*** Begin section ***
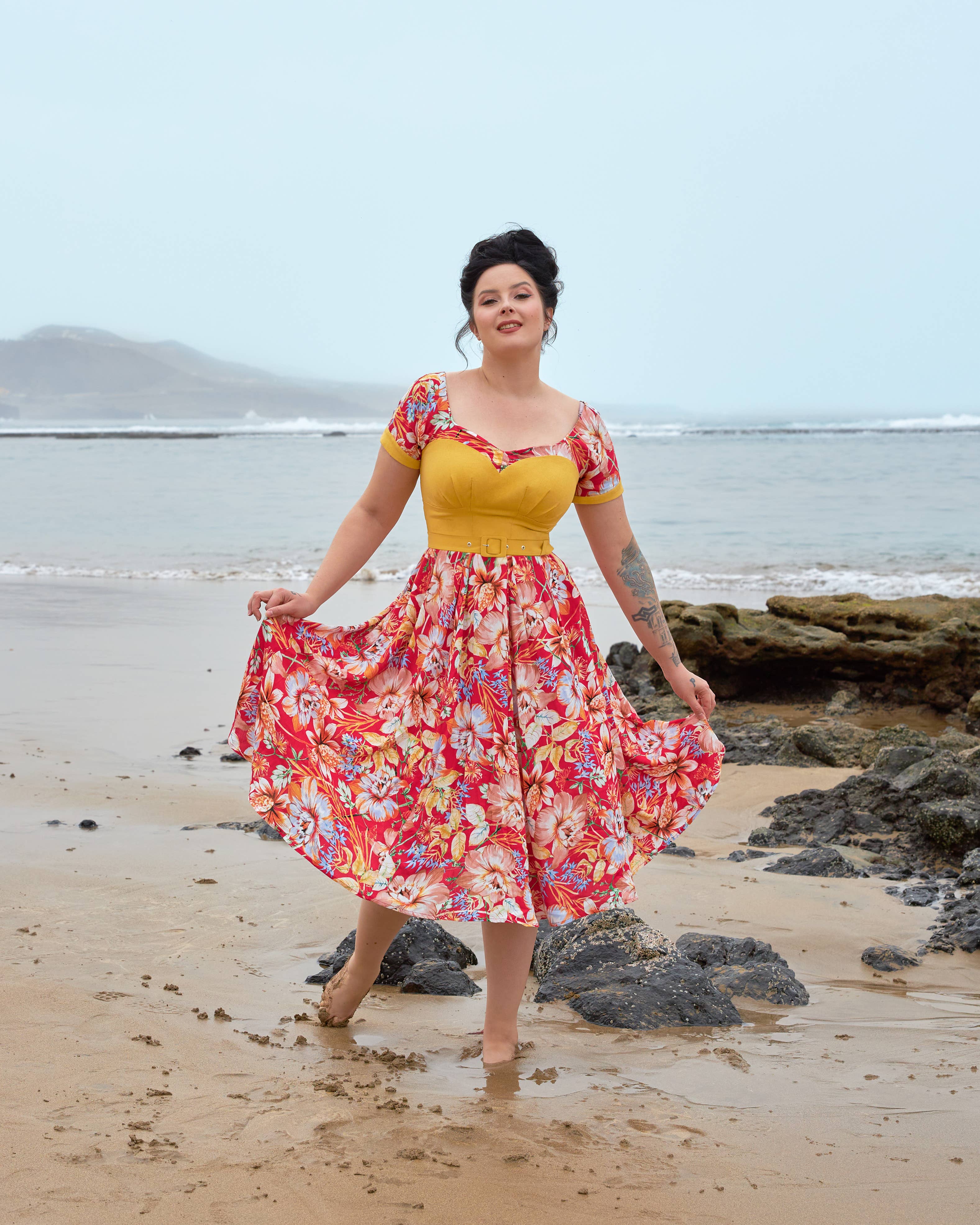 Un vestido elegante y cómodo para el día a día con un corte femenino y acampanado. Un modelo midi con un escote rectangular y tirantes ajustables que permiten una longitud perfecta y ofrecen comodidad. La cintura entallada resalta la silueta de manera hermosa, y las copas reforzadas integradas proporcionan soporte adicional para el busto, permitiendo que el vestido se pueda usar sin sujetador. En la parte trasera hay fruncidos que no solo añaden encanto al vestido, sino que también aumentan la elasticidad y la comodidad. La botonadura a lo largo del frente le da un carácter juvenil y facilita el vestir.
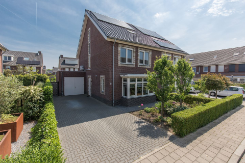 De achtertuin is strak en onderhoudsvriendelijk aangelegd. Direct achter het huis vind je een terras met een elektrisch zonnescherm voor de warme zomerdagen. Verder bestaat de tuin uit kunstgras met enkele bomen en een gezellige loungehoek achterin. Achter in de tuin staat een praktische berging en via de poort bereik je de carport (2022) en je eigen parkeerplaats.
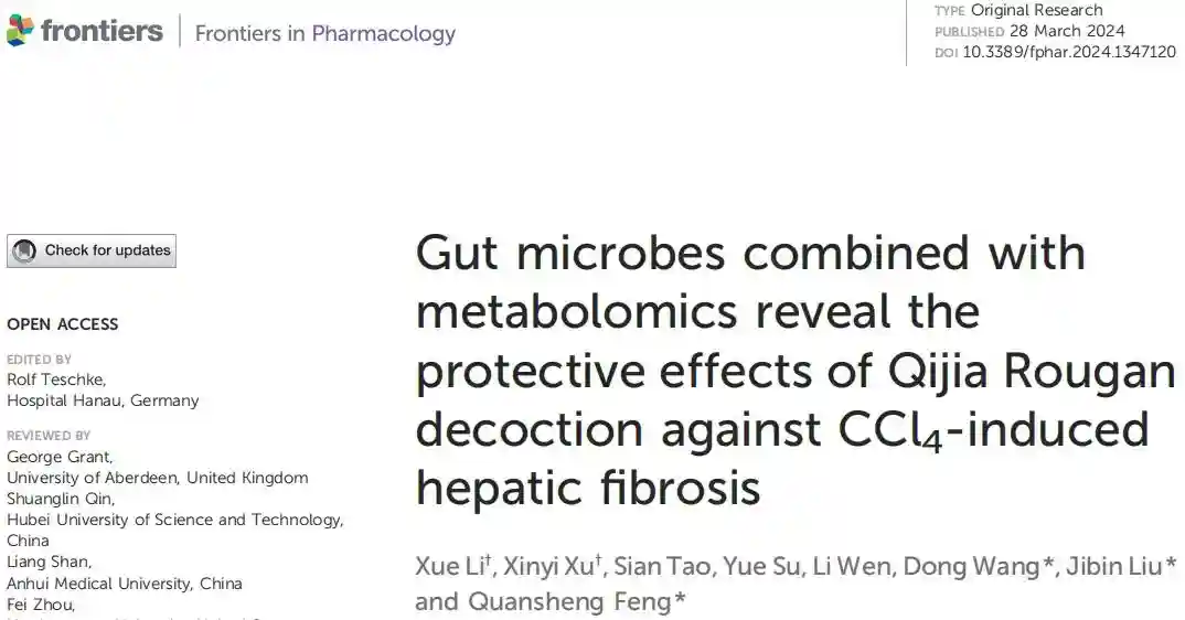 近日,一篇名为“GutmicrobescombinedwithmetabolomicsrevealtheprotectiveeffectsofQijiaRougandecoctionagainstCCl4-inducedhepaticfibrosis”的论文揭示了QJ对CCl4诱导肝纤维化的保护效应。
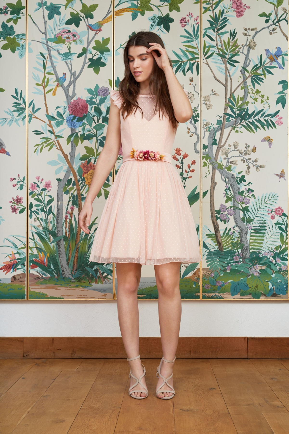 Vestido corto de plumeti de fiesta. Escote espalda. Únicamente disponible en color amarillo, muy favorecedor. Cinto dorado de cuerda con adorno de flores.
*** End section ***
*** Begin section ***
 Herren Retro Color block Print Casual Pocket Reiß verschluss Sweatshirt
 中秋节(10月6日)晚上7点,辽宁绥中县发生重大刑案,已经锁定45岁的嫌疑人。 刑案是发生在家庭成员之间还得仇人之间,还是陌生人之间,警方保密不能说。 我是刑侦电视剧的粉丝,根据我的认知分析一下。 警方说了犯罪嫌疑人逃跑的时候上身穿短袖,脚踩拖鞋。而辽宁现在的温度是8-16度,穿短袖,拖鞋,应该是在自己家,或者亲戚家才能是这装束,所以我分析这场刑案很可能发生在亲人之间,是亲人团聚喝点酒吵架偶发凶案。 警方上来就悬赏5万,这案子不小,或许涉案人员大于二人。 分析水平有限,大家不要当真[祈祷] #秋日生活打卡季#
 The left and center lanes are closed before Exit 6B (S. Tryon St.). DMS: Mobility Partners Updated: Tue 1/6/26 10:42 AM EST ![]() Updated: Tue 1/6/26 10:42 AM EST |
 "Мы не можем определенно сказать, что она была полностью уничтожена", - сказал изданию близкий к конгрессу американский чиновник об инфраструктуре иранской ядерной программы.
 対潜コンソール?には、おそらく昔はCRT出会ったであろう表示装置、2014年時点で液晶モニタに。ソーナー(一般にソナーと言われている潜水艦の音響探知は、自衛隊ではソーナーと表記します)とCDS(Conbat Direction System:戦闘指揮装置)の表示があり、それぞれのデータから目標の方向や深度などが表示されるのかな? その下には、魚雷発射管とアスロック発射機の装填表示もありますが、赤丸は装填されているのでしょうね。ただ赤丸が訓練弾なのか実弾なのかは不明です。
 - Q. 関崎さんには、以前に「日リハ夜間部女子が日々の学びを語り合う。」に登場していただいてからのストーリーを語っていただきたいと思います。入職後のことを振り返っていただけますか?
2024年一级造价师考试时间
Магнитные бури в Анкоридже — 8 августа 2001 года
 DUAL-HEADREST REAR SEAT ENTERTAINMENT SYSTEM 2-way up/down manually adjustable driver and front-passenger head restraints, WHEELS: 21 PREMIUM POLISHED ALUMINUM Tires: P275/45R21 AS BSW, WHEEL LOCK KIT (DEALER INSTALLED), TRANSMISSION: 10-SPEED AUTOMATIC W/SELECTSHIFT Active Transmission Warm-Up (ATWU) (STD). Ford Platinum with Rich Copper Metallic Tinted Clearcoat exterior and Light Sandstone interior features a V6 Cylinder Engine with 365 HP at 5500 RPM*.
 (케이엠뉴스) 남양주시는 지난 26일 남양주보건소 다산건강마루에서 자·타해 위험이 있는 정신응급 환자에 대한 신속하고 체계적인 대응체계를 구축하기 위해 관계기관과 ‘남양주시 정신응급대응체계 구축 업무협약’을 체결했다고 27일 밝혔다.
*** End section ***
*** Begin section ***
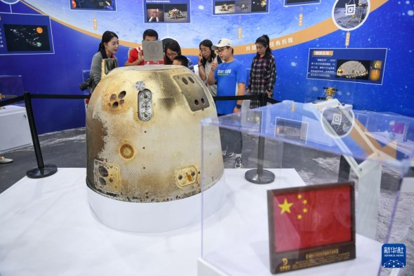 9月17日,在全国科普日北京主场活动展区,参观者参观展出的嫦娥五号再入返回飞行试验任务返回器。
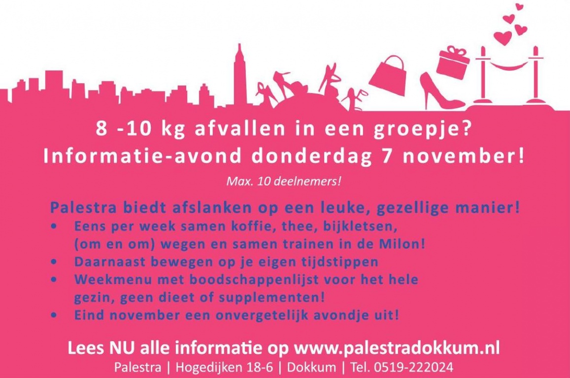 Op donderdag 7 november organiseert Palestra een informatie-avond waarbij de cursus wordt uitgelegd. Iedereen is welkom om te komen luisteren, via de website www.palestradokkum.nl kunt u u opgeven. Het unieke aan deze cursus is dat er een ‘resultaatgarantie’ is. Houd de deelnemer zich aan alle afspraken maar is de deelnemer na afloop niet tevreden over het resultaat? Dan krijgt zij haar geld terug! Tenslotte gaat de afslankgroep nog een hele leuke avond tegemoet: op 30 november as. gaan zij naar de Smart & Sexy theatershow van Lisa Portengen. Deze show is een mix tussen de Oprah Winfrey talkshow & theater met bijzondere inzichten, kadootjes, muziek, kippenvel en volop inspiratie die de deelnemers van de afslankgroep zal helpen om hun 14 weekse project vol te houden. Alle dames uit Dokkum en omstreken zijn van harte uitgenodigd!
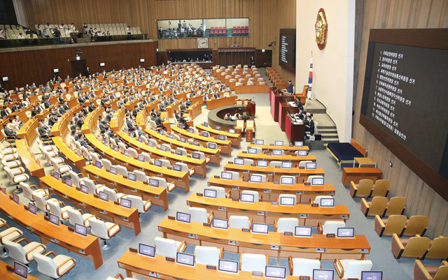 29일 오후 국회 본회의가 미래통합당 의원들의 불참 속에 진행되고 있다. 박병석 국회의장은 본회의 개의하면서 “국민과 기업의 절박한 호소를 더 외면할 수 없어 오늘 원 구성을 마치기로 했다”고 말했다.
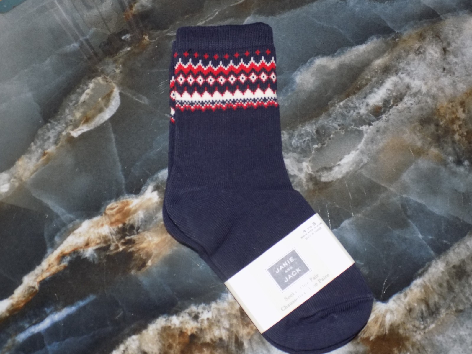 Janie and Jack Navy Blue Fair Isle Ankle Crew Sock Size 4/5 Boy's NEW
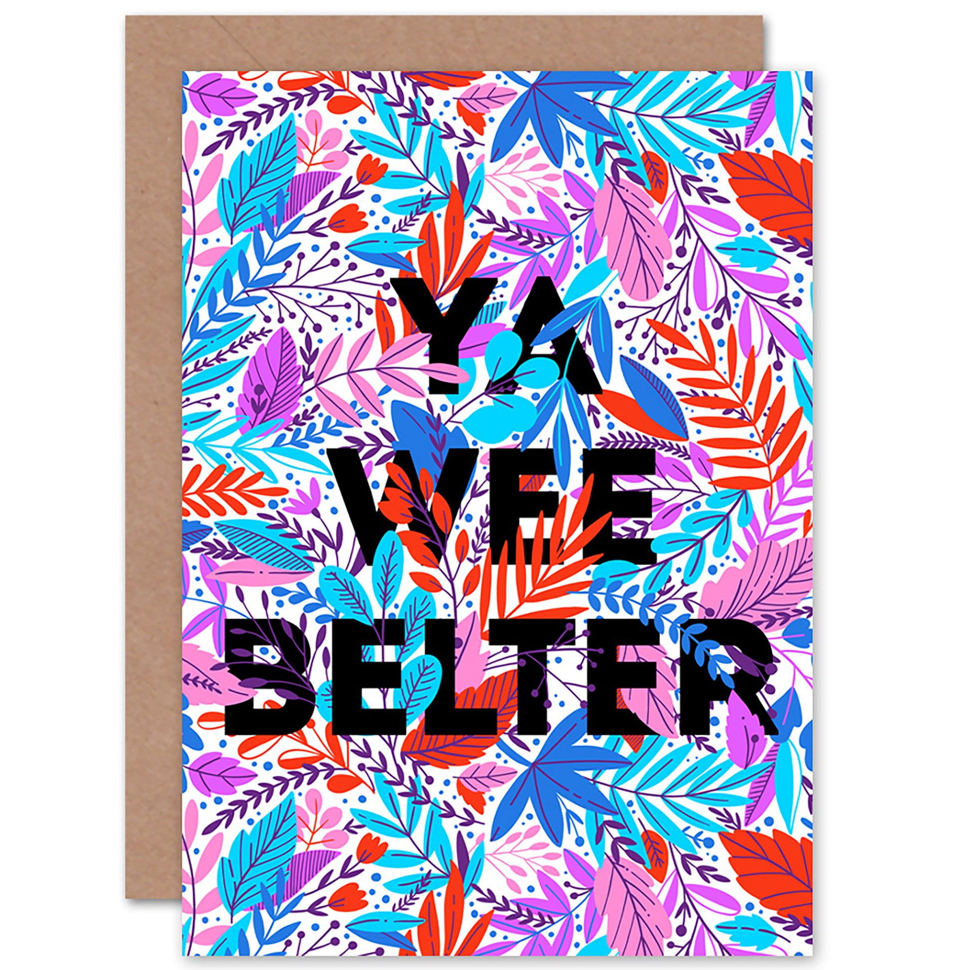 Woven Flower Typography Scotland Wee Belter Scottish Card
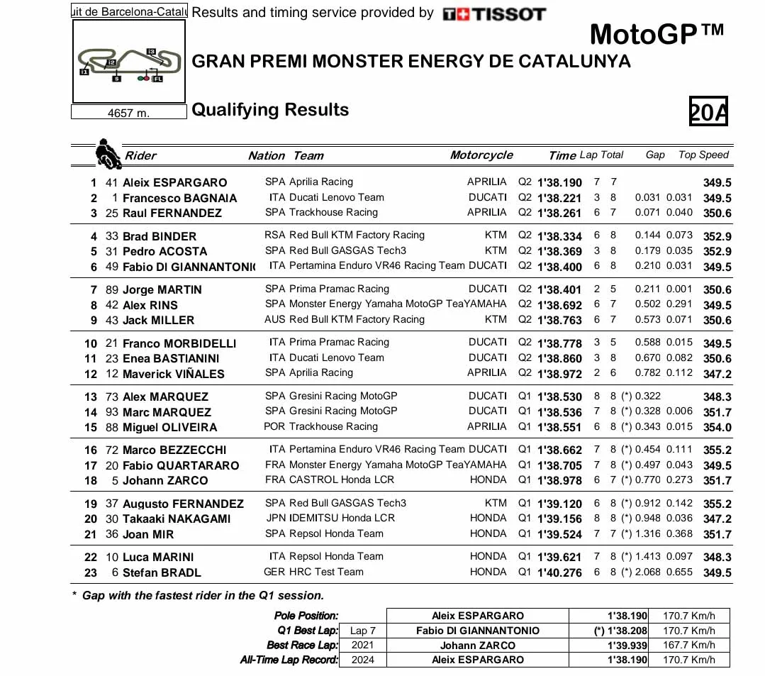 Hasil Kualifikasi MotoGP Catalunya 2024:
*** End section ***
* _EXERCISE DIRECTIONS_: Your reply should hold nothing but the lines above, from the one containing "9月17日,在全国科普日北京" to the one containing "29일 오후 국회 본회의가", reproduced exactly minus the pictures.

* _OUTPUT_:
 9月17日,在全国科普日北京主场活动展区,参观者参观展出的嫦娥五号再入返回飞行试验任务返回器。
 Op donderdag 7 november organiseert Palestra een informatie-avond waarbij de cursus wordt uitgelegd. Iedereen is welkom om te komen luisteren, via de website www.palestradokkum.nl kunt u u opgeven. Het unieke aan deze cursus is dat er een ‘resultaatgarantie’ is. Houd de deelnemer zich aan alle afspraken maar is de deelnemer na afloop niet tevreden over het resultaat? Dan krijgt zij haar geld terug! Tenslotte gaat de afslankgroep nog een hele leuke avond tegemoet: op 30 november as. gaan zij naar de Smart & Sexy theatershow van Lisa Portengen. Deze show is een mix tussen de Oprah Winfrey talkshow & theater met bijzondere inzichten, kadootjes, muziek, kippenvel en volop inspiratie die de deelnemers van de afslankgroep zal helpen om hun 14 weekse project vol te houden. Alle dames uit Dokkum en omstreken zijn van harte uitgenodigd!
 29일 오후 국회 본회의가 미래통합당 의원들의 불참 속에 진행되고 있다. 박병석 국회의장은 본회의 개의하면서 “국민과 기업의 절박한 호소를 더 외면할 수 없어 오늘 원 구성을 마치기로 했다”고 말했다.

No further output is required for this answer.